■ Your instructions
Include in the reply only the lines from the start of the data below through the line containing "appeal. | |", reproduced exactly and with no pictures.

Records for processing Block Start

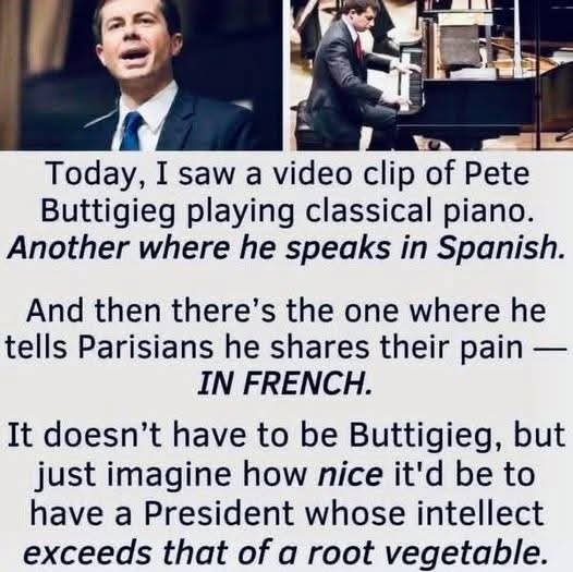 Today, I saw a video clip of Pete Buttigieg playing classical piano. Another where he speaks in Spanish. And then there's the one where he tells Parisians he shares their pain - IN FRENCH. It doesn't have to be Buttigieg, but just imagine how nice it'd be to have a President whose intellect exceeds that of a root vegetable.
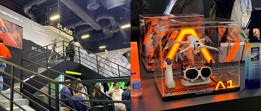 影石Insta360是一家来自深圳的智能影像公司,其主要产品是全景相机。这次他们带来了与第三方共同孵化的全景无人机产品影翎Antigravity A1,它是全球首款360°全景超高清无人机,还斩获CES无人机类最佳创意奖。其重量仅249克,拥有两颗8K全景镜头,能够捕捉无缝、无盲区的球形画面。
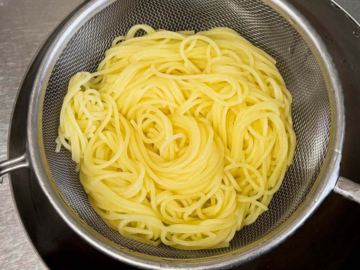 本レシピのスパゲッティは、パッケージに書かれた茹で時間「9分」のスパゲッティを使用しています。
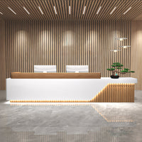 | Revitalize your reception area! This minimalist, modern reception desk features LED lighting and stylish metal edging, making it perfect for beauty salons, spas, and wellness centers. It offers ample storage space while enhancing overall aesthetics and appeal. | |
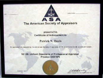 Uniform Standards of Professional Appraisal, USPAP Diploma awarded to Patrick Davis

Records for processing Block End

■ Task response
 Today, I saw a video clip of Pete Buttigieg playing classical piano. Another where he speaks in Spanish. And then there's the one where he tells Parisians he shares their pain - IN FRENCH. It doesn't have to be Buttigieg, but just imagine how nice it'd be to have a President whose intellect exceeds that of a root vegetable.
 影石Insta360是一家来自深圳的智能影像公司,其主要产品是全景相机。这次他们带来了与第三方共同孵化的全景无人机产品影翎Antigravity A1,它是全球首款360°全景超高清无人机,还斩获CES无人机类最佳创意奖。其重量仅249克,拥有两颗8K全景镜头,能够捕捉无缝、无盲区的球形画面。
 本レシピのスパゲッティは、パッケージに書かれた茹で時間「9分」のスパゲッティを使用しています。
 | Revitalize your reception area! This minimalist, modern reception desk features LED lighting and stylish metal edging, making it perfect for beauty salons, spas, and wellness centers. It offers ample storage space while enhancing overall aesthetics and appeal. | |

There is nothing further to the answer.